▸ INFORMATION
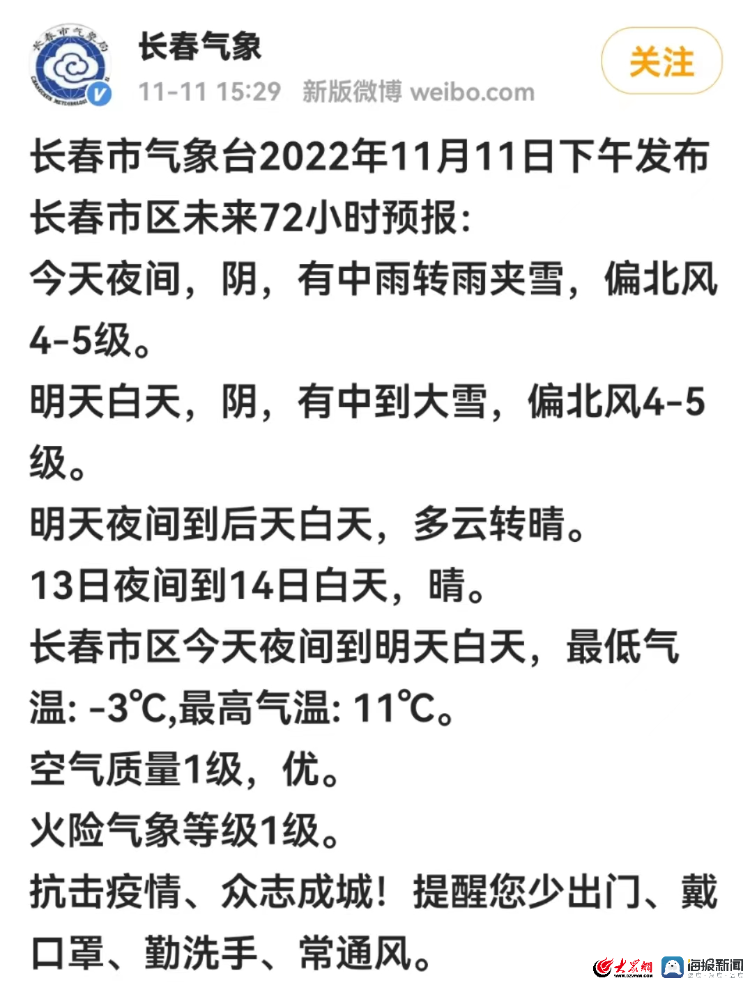 长春市气象台11日的天气预报显示,当晚有中雨转雨夹雪,12日有中到大雪
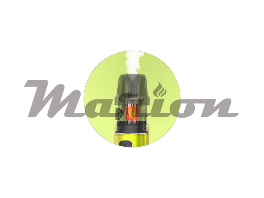 V přední části se nachází praktické ovládací tlačítko, které slouží pro zapínání a vypínání, ale také pro nastavení intenzity výkonu a pro spínání žhavení. Samozřejmostí je potom také podpora automatického spínání, pro žhavení tak nebudete tlačítko potřebovat, stačí si pouze potáhnout z náustku. Ve vrchní části najdete cartridge s objemem 2,5 ml a L-Guard technologií, která nabídne vylepšenou konstrukci s řadou těsnění. Cartridge přichází ve dvou variantách s rozdílným odporem integrovaného žhavícího tělíska. První disponuje odporem 0,7 ohm a je ideální pro vzdušnější MTL, druhá cartridge nabídne odpor 1,4 ohm a nabídne perfektně utažený potah. GeekVape Wenax H1 Pod Kit je vynikající e-cigareta pro každodenní šlukování, kterou už nepustíte z ruky.
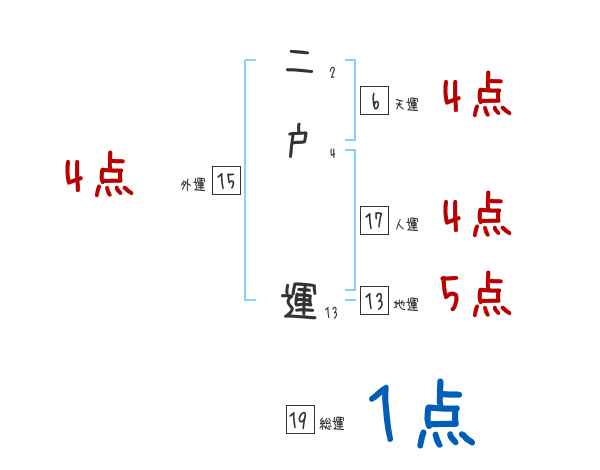 外運![]() | 二戸運さんの外運は15画の4つ星!人徳があり出世する。順調に物事を進め円満な人生。 生活面を象徴する運勢です。外部から受ける影響力を表し、結婚運、家庭運や職場、環境への順応性を表します。 |
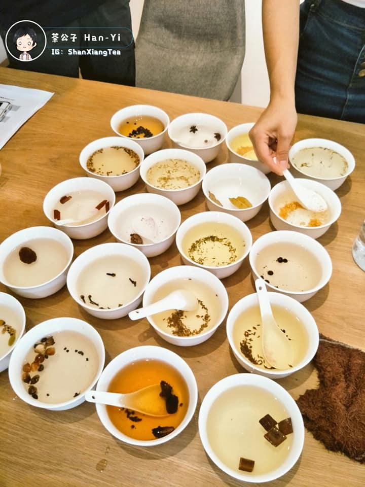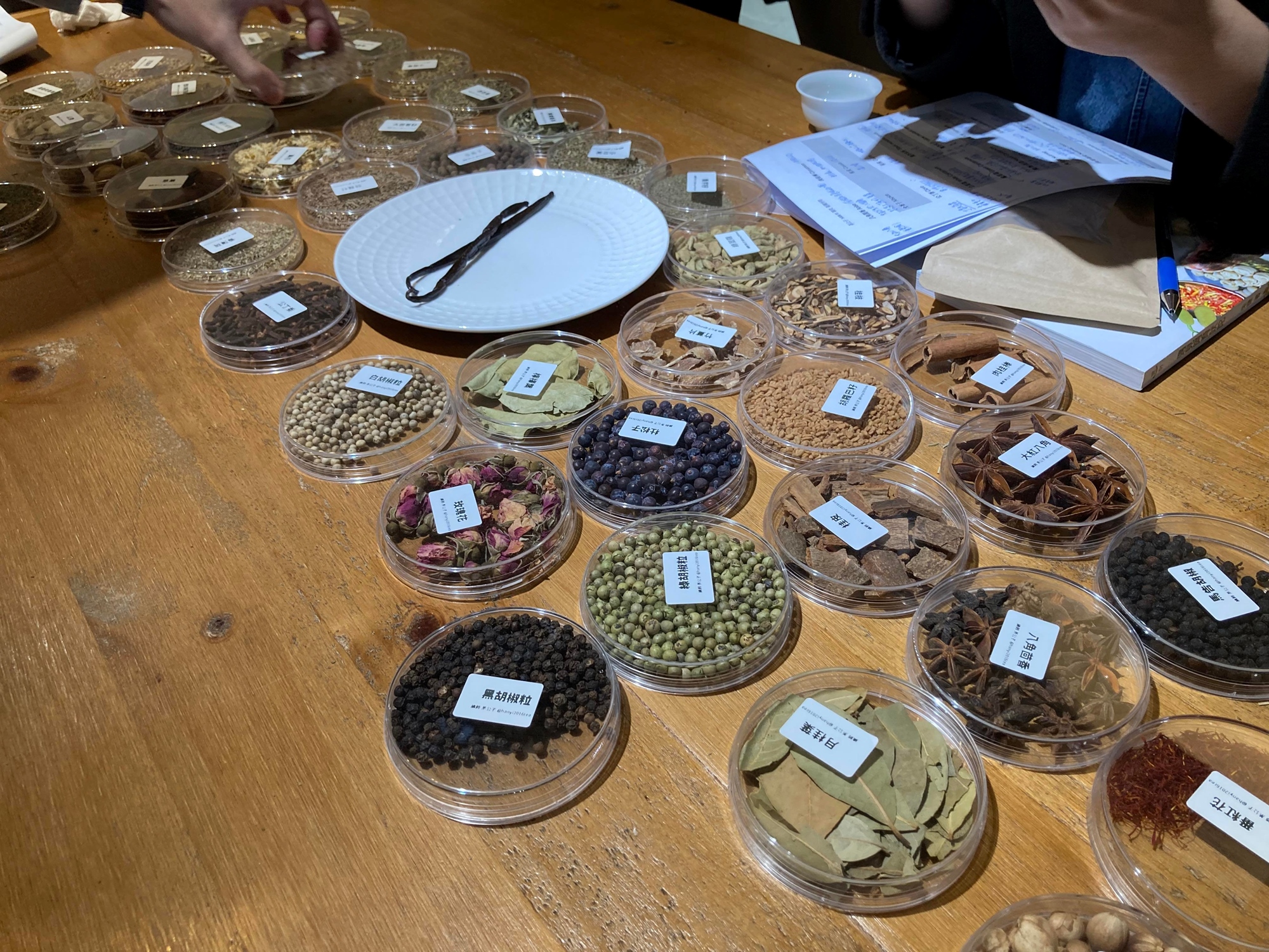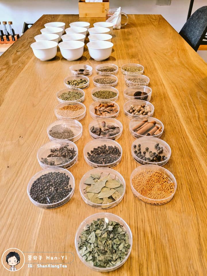 臺灣茶具有不同的特色,藉由發酵度的不同,在部分發酵茶領域產生不同香氣,而這麼多的香氣,該用什麼來形容呢?試試看認識香料吧!約30款香料、花、果、草本、茶,培養嗅覺、味覺的感知極限,講師會一步步依照香料與香草特性,引領老學員認識不一樣的草本茶文化。
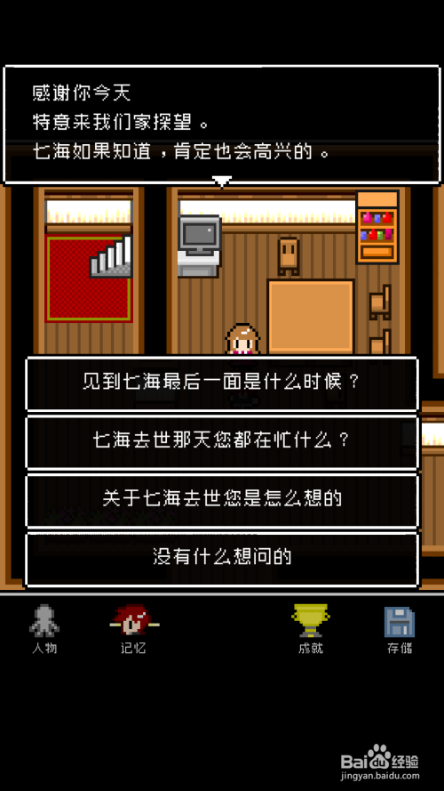 主角醒来,发现事件依旧是八月14日,来到七海的家与其家人对话,在于父亲对话后决定去村子正中央的派出所调查。
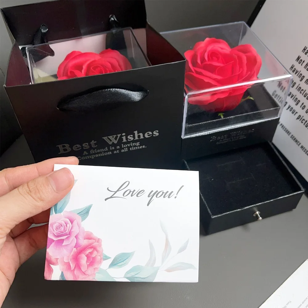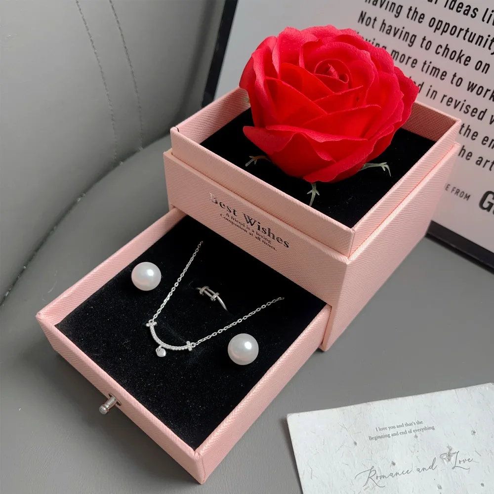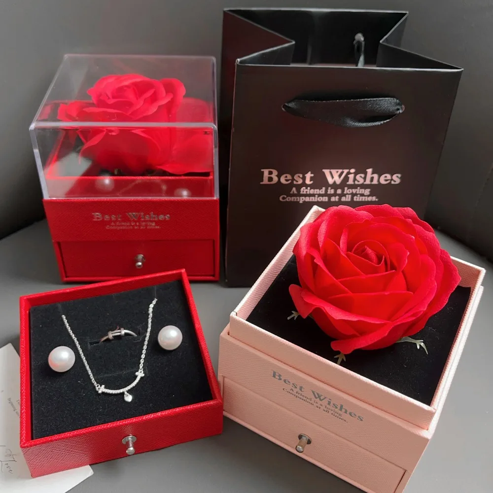 Rose Flower Gifts Box for Women Girlfriends New Fashion Valentine Jewelry Gift Ring & Necklace Gift Boxes Accessory Storage
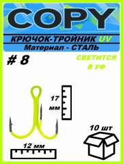 Крючок тройной светящийся UV шартрез #8 (10шт)
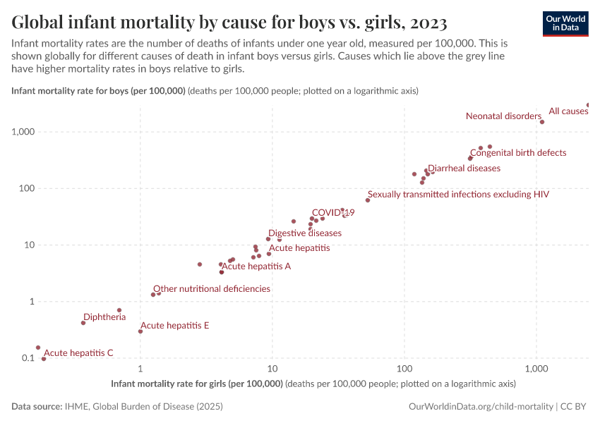 The grey line here represents parity: where countries have the same sex ratio among five-year-olds as the ratio among newborns. As we see, many countries are found slightly above this line, which means the sex ratio for newborns is higher than for 5-year-olds.
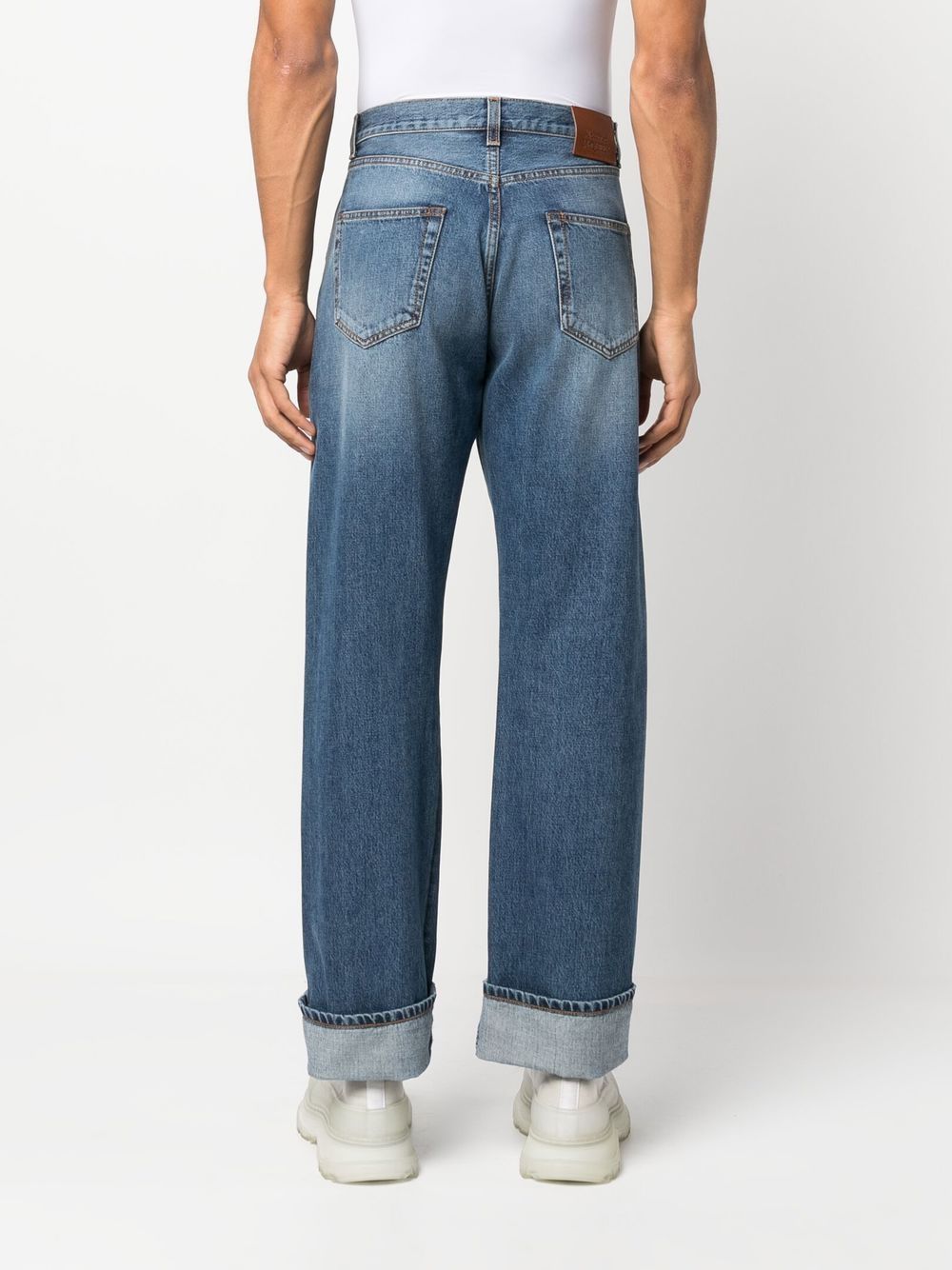 Alexander McQueen men's Turn-up jeans in washed blue japanese selvedge denim with baseball stitch detailing over the side seams, featuring belt loops, a five-pocket design and turn-up cuffs.
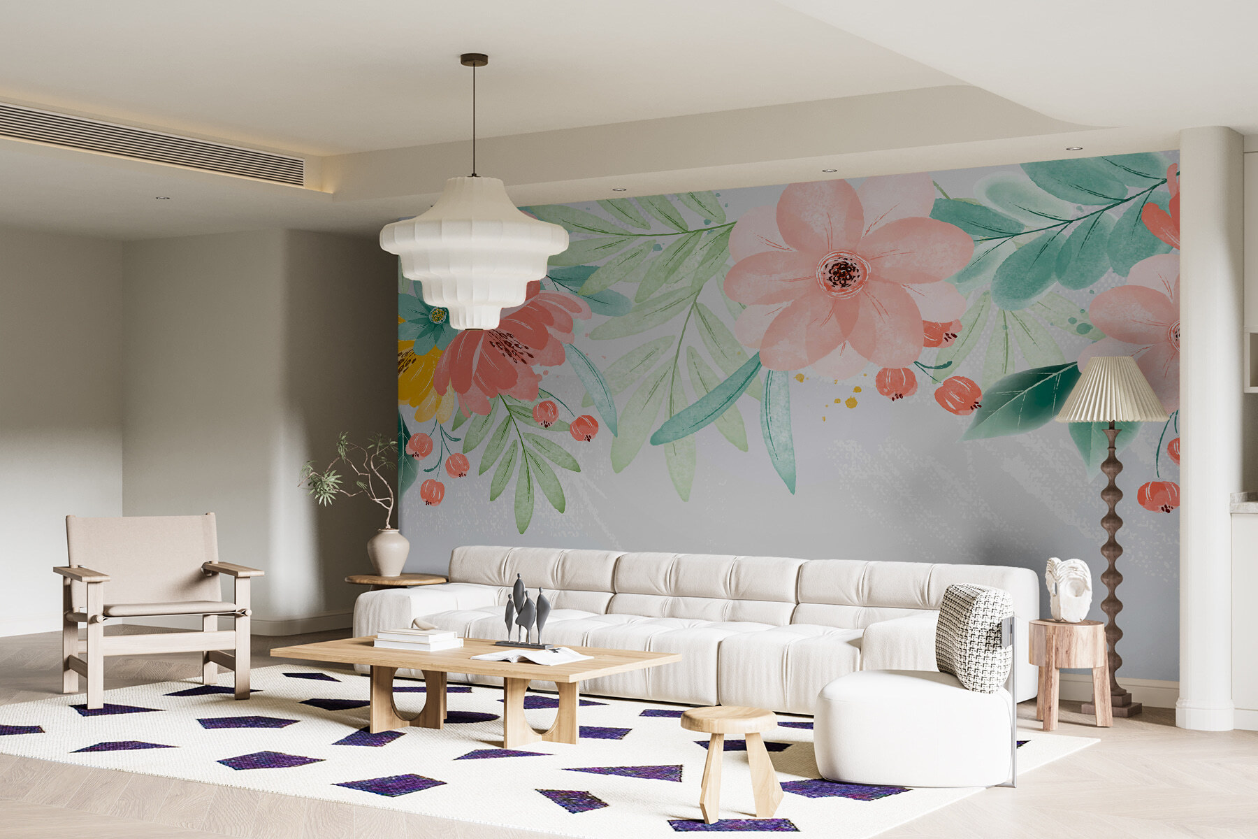 Brighten up any space with the “Blossoming Pastels Dance on Canvas” mural, where vibrant florals meet a dreamy background. Imagine walking into a room and being greeted by an explosion of soft pinks, joyous yellows, and lush greens—it’s like having a spring garden all year round! Perfect for a cozy nook or a lively living room, this mural invites warmth and cheer. Just picture sipping your morning coffee surrounded by these blooms, feeling a burst of happiness. It’s not just decor; it’s an everyday reminder to stop and smell the flowers, right from the comfort of home!

▸ WHAT IS NEEDED
Write out, word for word, the stretch of entries that begins at the line with "主角醒来,发现事件依旧是八月" and ends at the line with "Alexander McQueen men's". Pictures do not belong in it.

▸ REPLY
 主角醒来,发现事件依旧是八月14日,来到七海的家与其家人对话,在于父亲对话后决定去村子正中央的派出所调查。
 Rose Flower Gifts Box for Women Girlfriends New Fashion Valentine Jewelry Gift Ring & Necklace Gift Boxes Accessory Storage
 Крючок тройной светящийся UV шартрез #8 (10шт)
 The grey line here represents parity: where countries have the same sex ratio among five-year-olds as the ratio among newborns. As we see, many countries are found slightly above this line, which means the sex ratio for newborns is higher than for 5-year-olds.
 Alexander McQueen men's Turn-up jeans in washed blue japanese selvedge denim with baseball stitch detailing over the side seams, featuring belt loops, a five-pocket design and turn-up cuffs.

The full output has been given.